** Data for review follows **

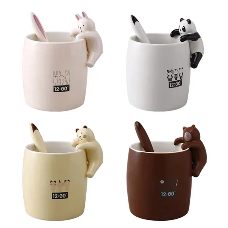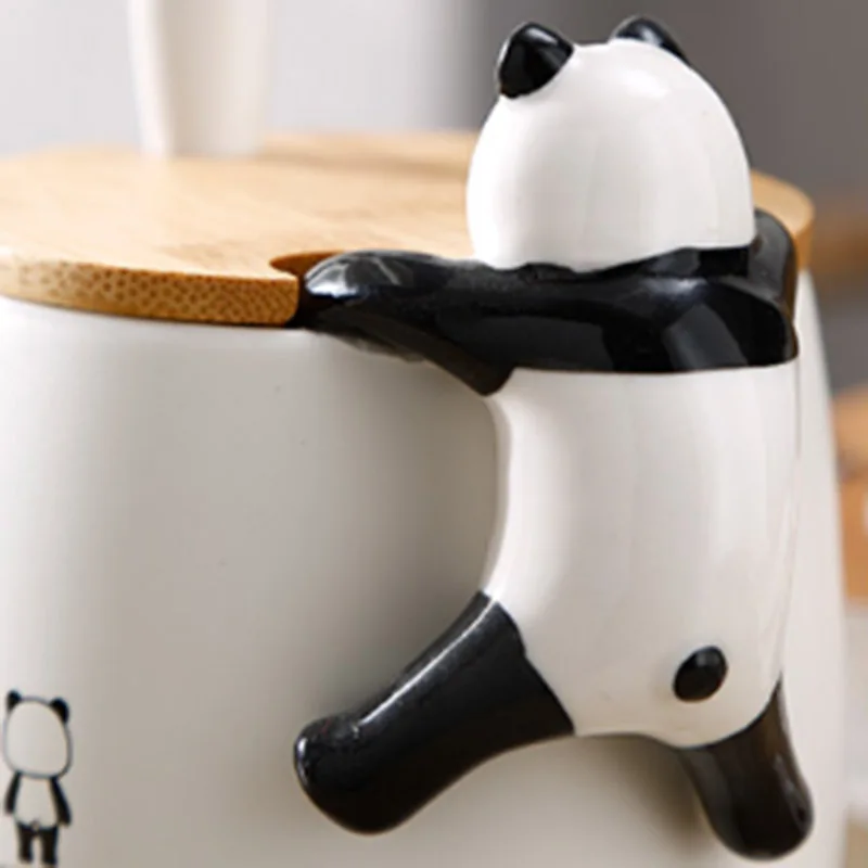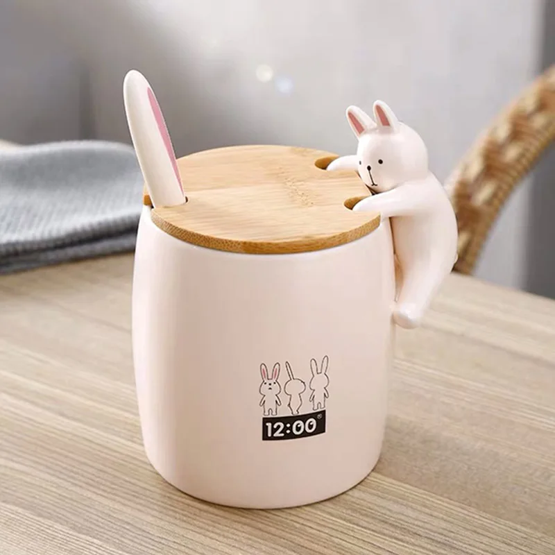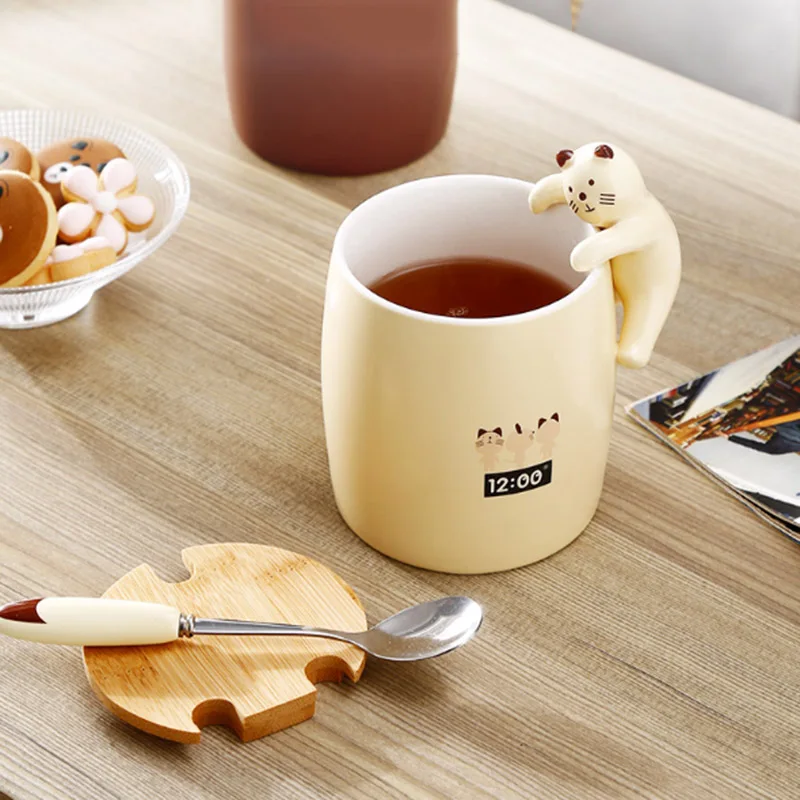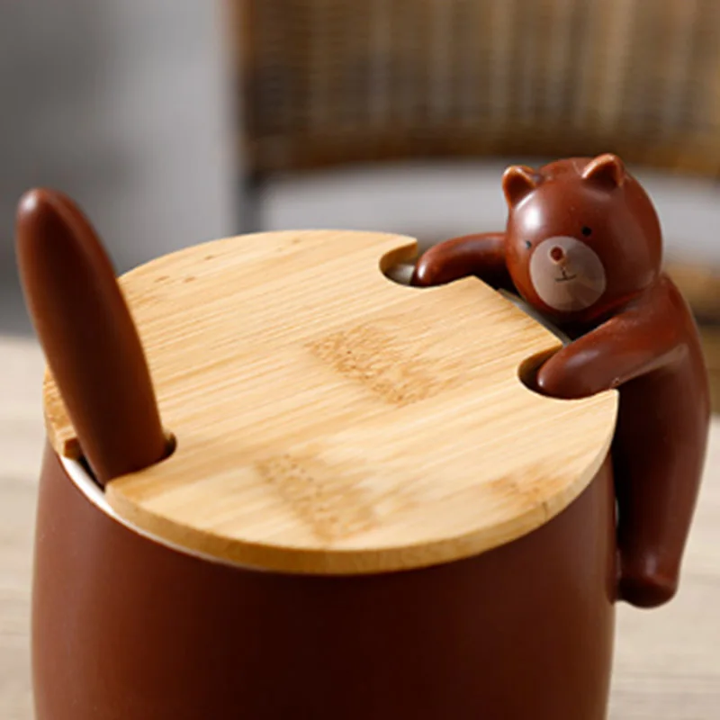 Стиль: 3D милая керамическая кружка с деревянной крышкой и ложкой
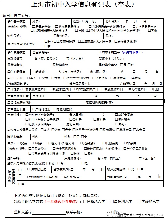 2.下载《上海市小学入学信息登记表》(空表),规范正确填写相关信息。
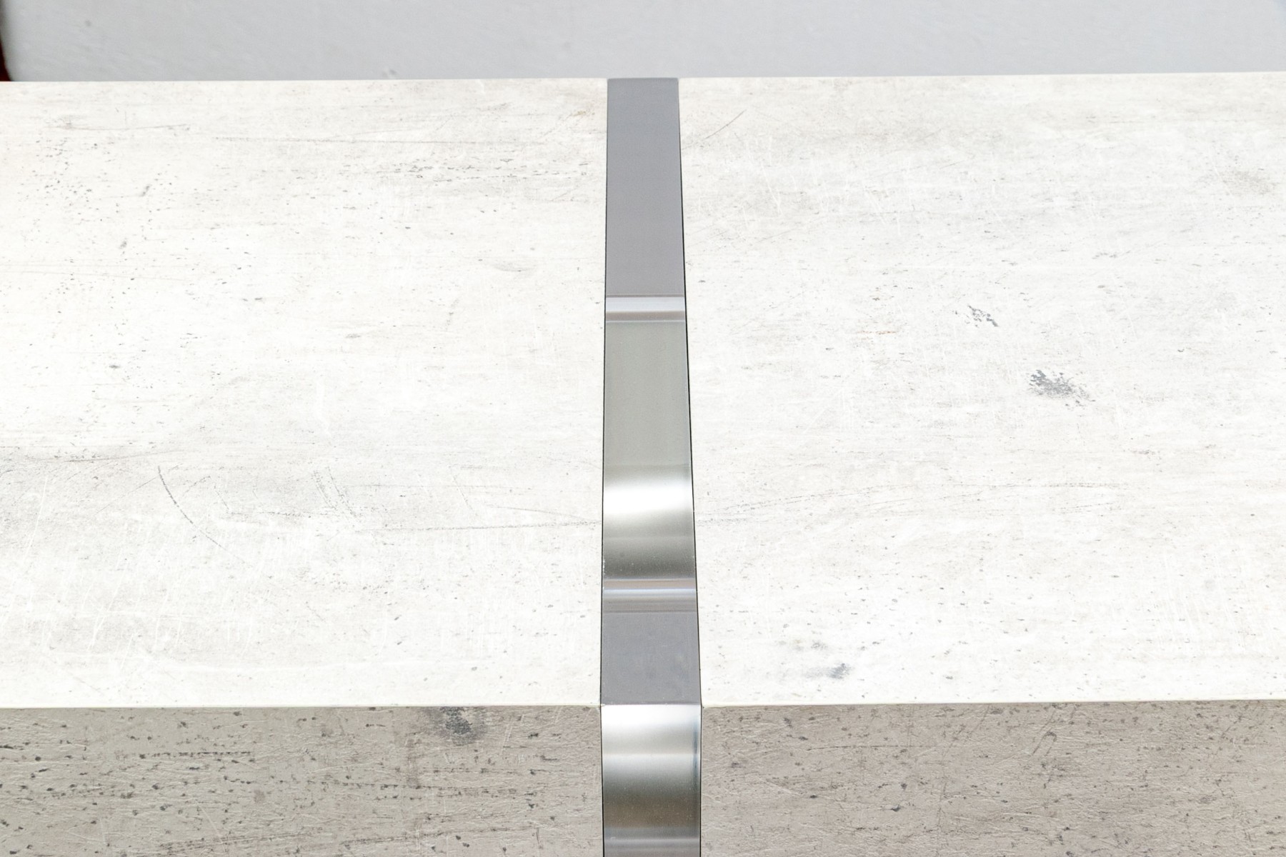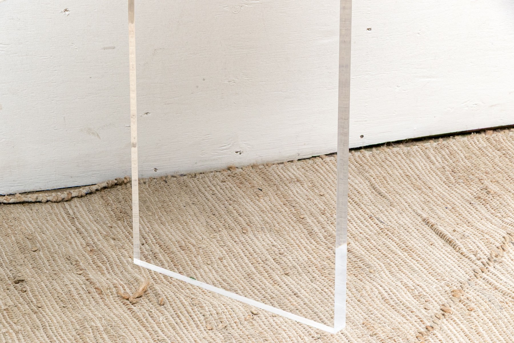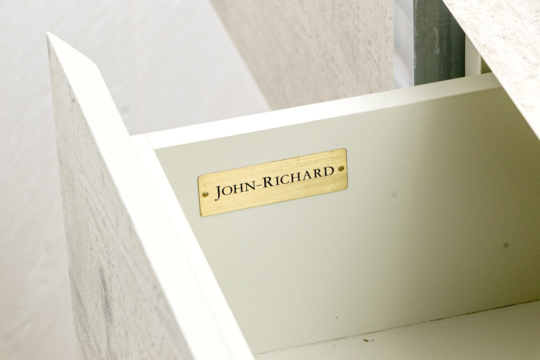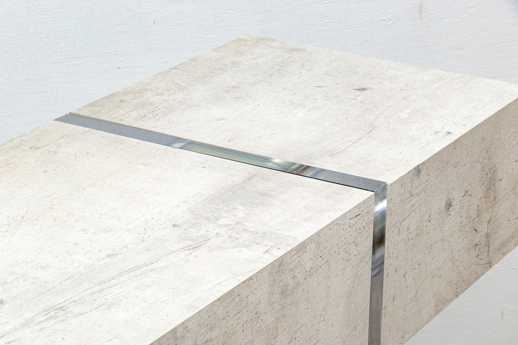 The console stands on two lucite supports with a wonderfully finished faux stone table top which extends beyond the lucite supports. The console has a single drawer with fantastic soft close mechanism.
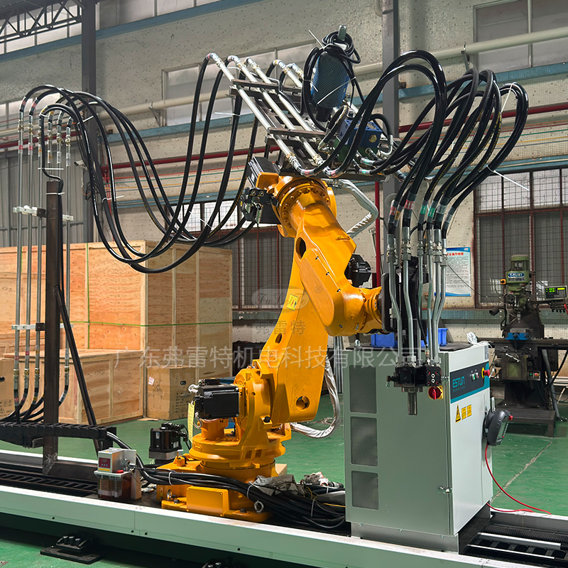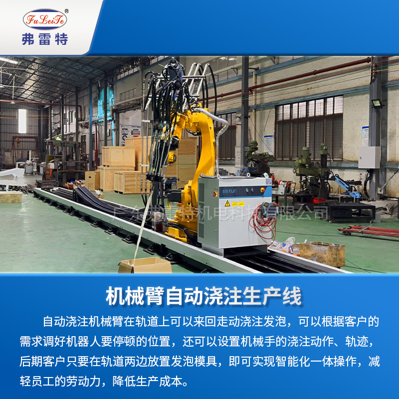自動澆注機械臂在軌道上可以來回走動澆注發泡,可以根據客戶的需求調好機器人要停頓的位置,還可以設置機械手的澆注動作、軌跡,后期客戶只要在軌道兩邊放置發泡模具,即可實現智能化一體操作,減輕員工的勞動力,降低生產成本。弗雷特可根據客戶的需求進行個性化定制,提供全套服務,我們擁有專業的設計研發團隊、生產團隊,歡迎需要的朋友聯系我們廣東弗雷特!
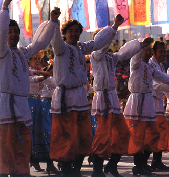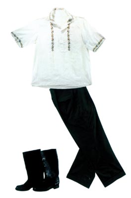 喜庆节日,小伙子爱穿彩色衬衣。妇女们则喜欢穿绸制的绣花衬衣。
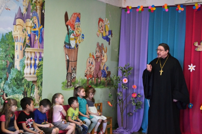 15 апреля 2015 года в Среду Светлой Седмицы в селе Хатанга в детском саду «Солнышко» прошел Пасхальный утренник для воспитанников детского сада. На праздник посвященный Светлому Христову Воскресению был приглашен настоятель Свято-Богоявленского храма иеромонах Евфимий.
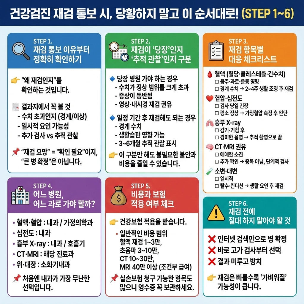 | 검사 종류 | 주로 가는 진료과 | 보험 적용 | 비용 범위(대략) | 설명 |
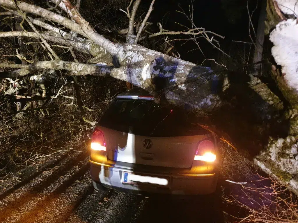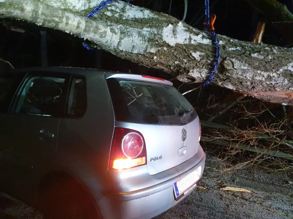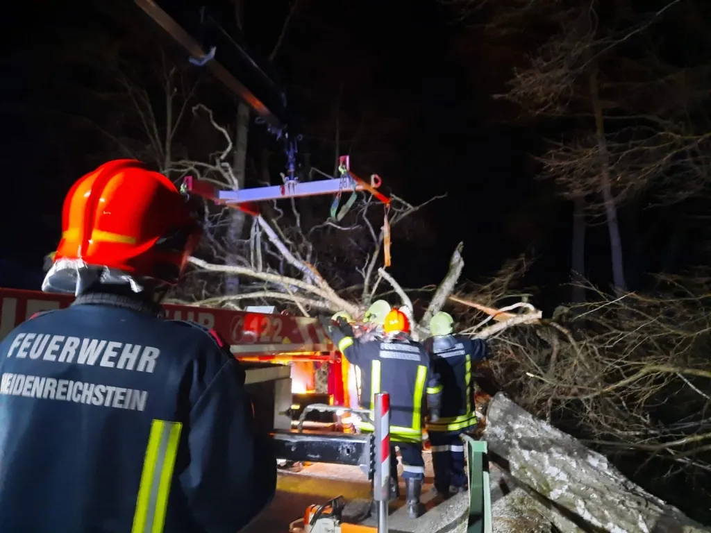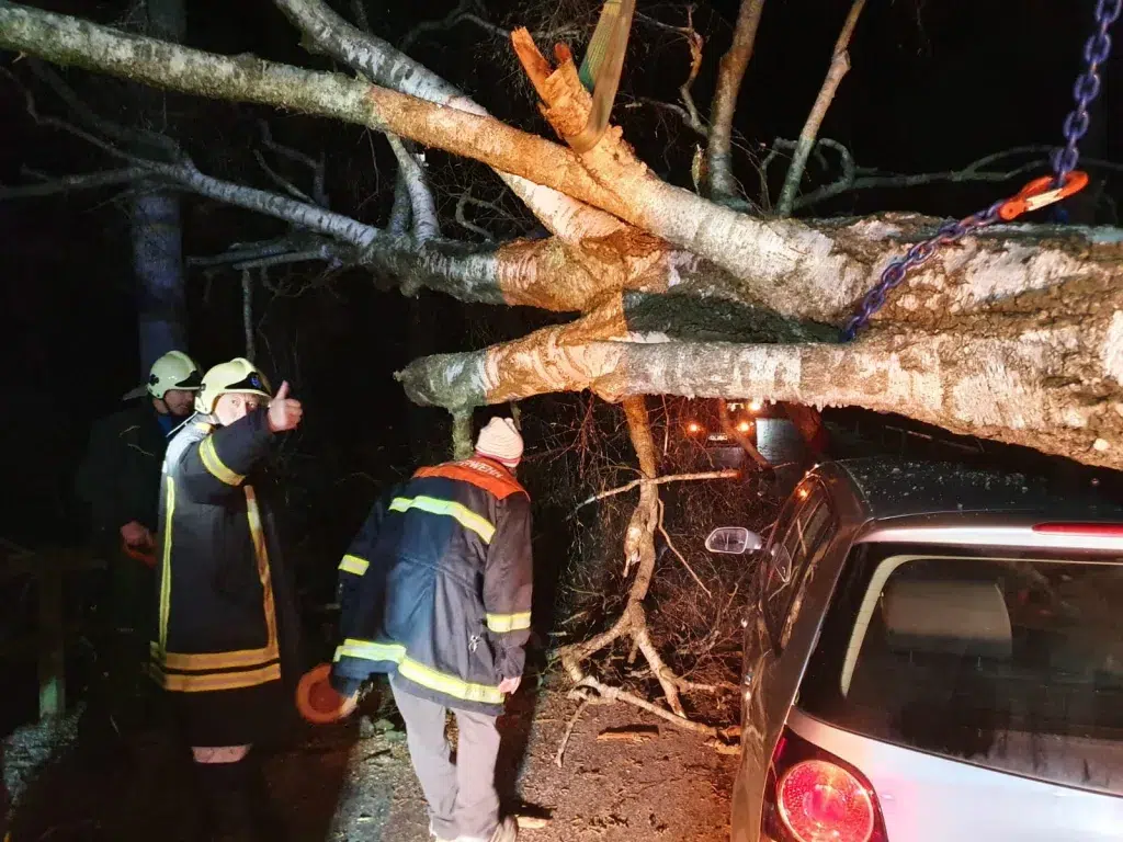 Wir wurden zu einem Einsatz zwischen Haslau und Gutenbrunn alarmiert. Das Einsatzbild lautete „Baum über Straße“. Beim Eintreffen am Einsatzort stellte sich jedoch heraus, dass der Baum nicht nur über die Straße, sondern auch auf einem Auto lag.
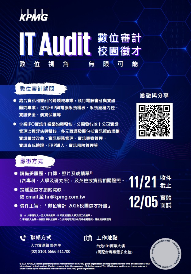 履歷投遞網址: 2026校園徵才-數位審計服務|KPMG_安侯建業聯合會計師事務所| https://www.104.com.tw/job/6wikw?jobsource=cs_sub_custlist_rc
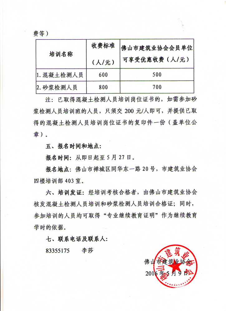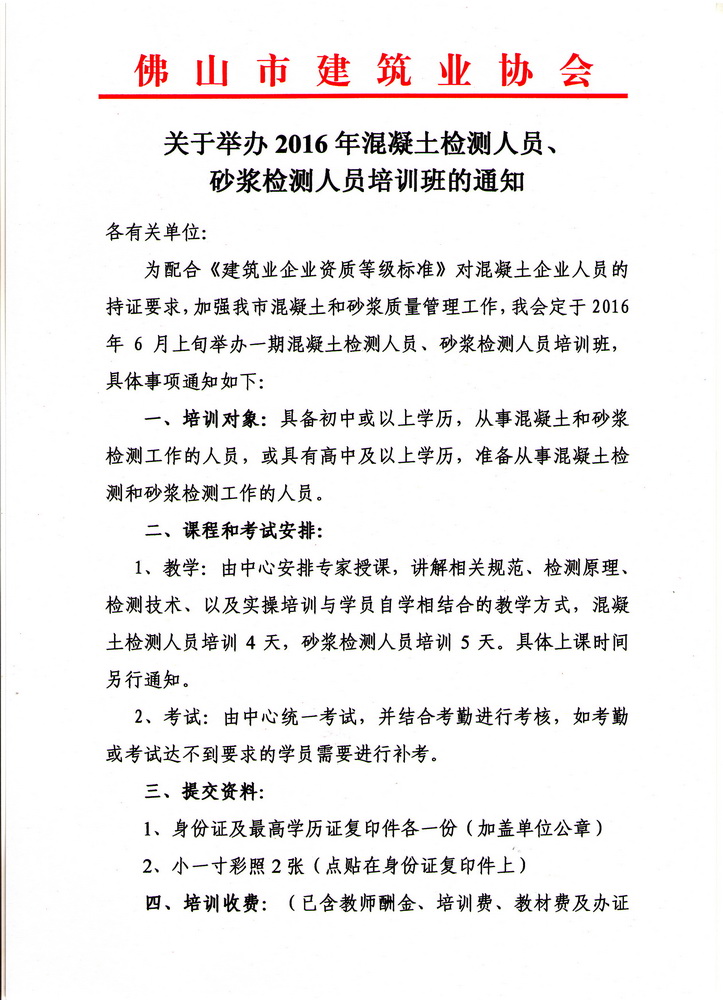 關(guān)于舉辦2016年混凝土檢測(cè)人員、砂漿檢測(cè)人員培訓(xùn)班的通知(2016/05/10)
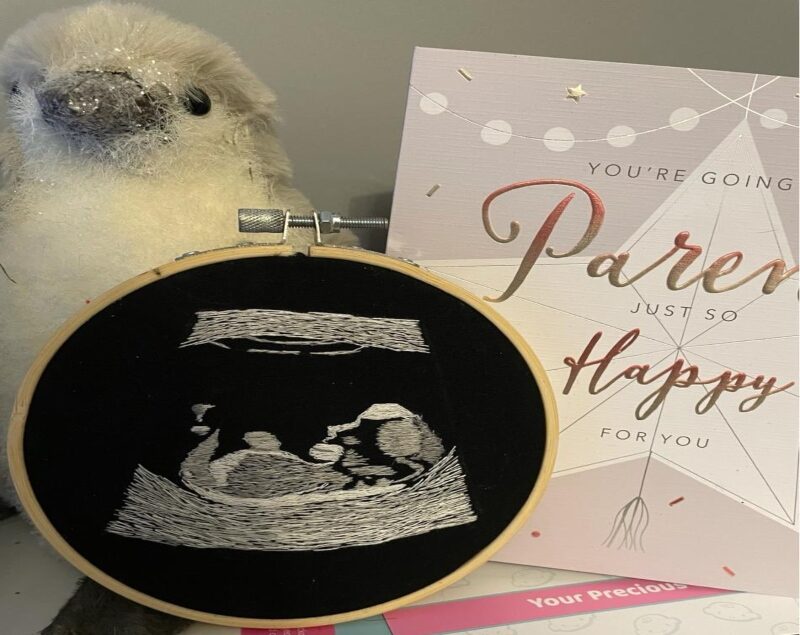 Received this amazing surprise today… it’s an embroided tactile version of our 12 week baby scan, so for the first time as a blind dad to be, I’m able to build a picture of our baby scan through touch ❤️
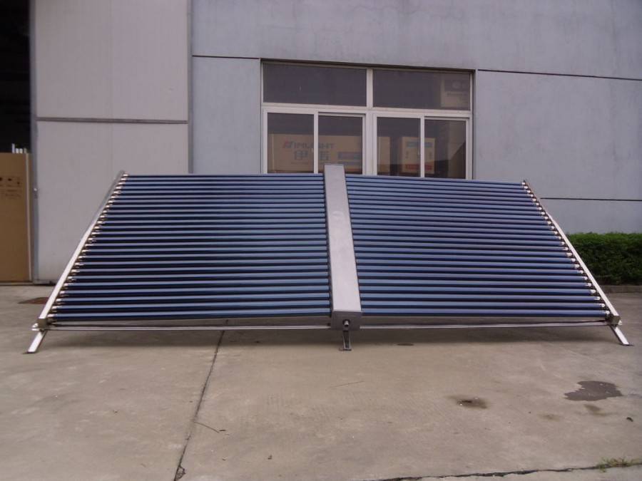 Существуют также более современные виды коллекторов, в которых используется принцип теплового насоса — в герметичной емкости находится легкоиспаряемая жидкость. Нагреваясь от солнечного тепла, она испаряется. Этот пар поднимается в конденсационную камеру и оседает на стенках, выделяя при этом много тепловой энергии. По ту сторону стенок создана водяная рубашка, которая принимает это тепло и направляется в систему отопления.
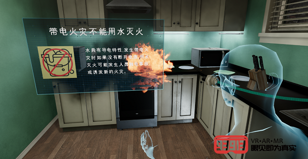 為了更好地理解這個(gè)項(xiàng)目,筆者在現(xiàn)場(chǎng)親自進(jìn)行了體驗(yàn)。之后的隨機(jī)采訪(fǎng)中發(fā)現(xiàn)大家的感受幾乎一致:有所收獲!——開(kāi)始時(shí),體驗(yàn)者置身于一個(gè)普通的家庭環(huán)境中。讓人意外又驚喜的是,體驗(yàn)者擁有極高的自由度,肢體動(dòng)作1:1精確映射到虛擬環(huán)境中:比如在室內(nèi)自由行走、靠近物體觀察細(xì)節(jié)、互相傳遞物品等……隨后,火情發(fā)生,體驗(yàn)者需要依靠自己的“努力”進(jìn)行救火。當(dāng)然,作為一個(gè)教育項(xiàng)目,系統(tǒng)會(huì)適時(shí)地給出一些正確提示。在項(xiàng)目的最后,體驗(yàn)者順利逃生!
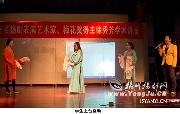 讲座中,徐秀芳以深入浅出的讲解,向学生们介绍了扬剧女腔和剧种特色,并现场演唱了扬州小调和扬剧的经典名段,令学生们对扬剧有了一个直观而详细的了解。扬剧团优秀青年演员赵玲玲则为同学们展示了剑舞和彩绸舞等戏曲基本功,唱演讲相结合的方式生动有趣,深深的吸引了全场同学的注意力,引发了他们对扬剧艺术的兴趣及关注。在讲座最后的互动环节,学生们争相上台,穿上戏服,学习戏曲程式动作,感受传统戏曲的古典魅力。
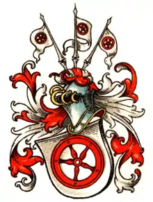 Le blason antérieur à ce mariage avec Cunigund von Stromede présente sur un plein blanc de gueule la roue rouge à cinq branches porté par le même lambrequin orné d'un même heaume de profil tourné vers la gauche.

** End of Data for review **

**Problem to work on:**
Every record above must be copied exactly; none of the pictures belong in the copy.

**Answer to this problem:**
 Стиль: 3D милая керамическая кружка с деревянной крышкой и ложкой
 2.下载《上海市小学入学信息登记表》(空表),规范正确填写相关信息。
 The console stands on two lucite supports with a wonderfully finished faux stone table top which extends beyond the lucite supports. The console has a single drawer with fantastic soft close mechanism.
自動澆注機械臂在軌道上可以來回走動澆注發泡,可以根據客戶的需求調好機器人要停頓的位置,還可以設置機械手的澆注動作、軌跡,后期客戶只要在軌道兩邊放置發泡模具,即可實現智能化一體操作,減輕員工的勞動力,降低生產成本。弗雷特可根據客戶的需求進行個性化定制,提供全套服務,我們擁有專業的設計研發團隊、生產團隊,歡迎需要的朋友聯系我們廣東弗雷特!
 喜庆节日,小伙子爱穿彩色衬衣。妇女们则喜欢穿绸制的绣花衬衣。
 15 апреля 2015 года в Среду Светлой Седмицы в селе Хатанга в детском саду «Солнышко» прошел Пасхальный утренник для воспитанников детского сада. На праздник посвященный Светлому Христову Воскресению был приглашен настоятель Свято-Богоявленского храма иеромонах Евфимий.
 | 검사 종류 | 주로 가는 진료과 | 보험 적용 | 비용 범위(대략) | 설명 |
 Wir wurden zu einem Einsatz zwischen Haslau und Gutenbrunn alarmiert. Das Einsatzbild lautete „Baum über Straße“. Beim Eintreffen am Einsatzort stellte sich jedoch heraus, dass der Baum nicht nur über die Straße, sondern auch auf einem Auto lag.
 履歷投遞網址: 2026校園徵才-數位審計服務|KPMG_安侯建業聯合會計師事務所| https://www.104.com.tw/job/6wikw?jobsource=cs_sub_custlist_rc
 關(guān)于舉辦2016年混凝土檢測(cè)人員、砂漿檢測(cè)人員培訓(xùn)班的通知(2016/05/10)
 Received this amazing surprise today… it’s an embroided tactile version of our 12 week baby scan, so for the first time as a blind dad to be, I’m able to build a picture of our baby scan through touch ❤️
 Существуют также более современные виды коллекторов, в которых используется принцип теплового насоса — в герметичной емкости находится легкоиспаряемая жидкость. Нагреваясь от солнечного тепла, она испаряется. Этот пар поднимается в конденсационную камеру и оседает на стенках, выделяя при этом много тепловой энергии. По ту сторону стенок создана водяная рубашка, которая принимает это тепло и направляется в систему отопления.
 為了更好地理解這個(gè)項(xiàng)目,筆者在現(xiàn)場(chǎng)親自進(jìn)行了體驗(yàn)。之后的隨機(jī)采訪(fǎng)中發(fā)現(xiàn)大家的感受幾乎一致:有所收獲!——開(kāi)始時(shí),體驗(yàn)者置身于一個(gè)普通的家庭環(huán)境中。讓人意外又驚喜的是,體驗(yàn)者擁有極高的自由度,肢體動(dòng)作1:1精確映射到虛擬環(huán)境中:比如在室內(nèi)自由行走、靠近物體觀察細(xì)節(jié)、互相傳遞物品等……隨后,火情發(fā)生,體驗(yàn)者需要依靠自己的“努力”進(jìn)行救火。當(dāng)然,作為一個(gè)教育項(xiàng)目,系統(tǒng)會(huì)適時(shí)地給出一些正確提示。在項(xiàng)目的最后,體驗(yàn)者順利逃生!
 讲座中,徐秀芳以深入浅出的讲解,向学生们介绍了扬剧女腔和剧种特色,并现场演唱了扬州小调和扬剧的经典名段,令学生们对扬剧有了一个直观而详细的了解。扬剧团优秀青年演员赵玲玲则为同学们展示了剑舞和彩绸舞等戏曲基本功,唱演讲相结合的方式生动有趣,深深的吸引了全场同学的注意力,引发了他们对扬剧艺术的兴趣及关注。在讲座最后的互动环节,学生们争相上台,穿上戏服,学习戏曲程式动作,感受传统戏曲的古典魅力。
 Le blason antérieur à ce mariage avec Cunigund von Stromede présente sur un plein blanc de gueule la roue rouge à cinq branches porté par le même lambrequin orné d'un même heaume de profil tourné vers la gauche.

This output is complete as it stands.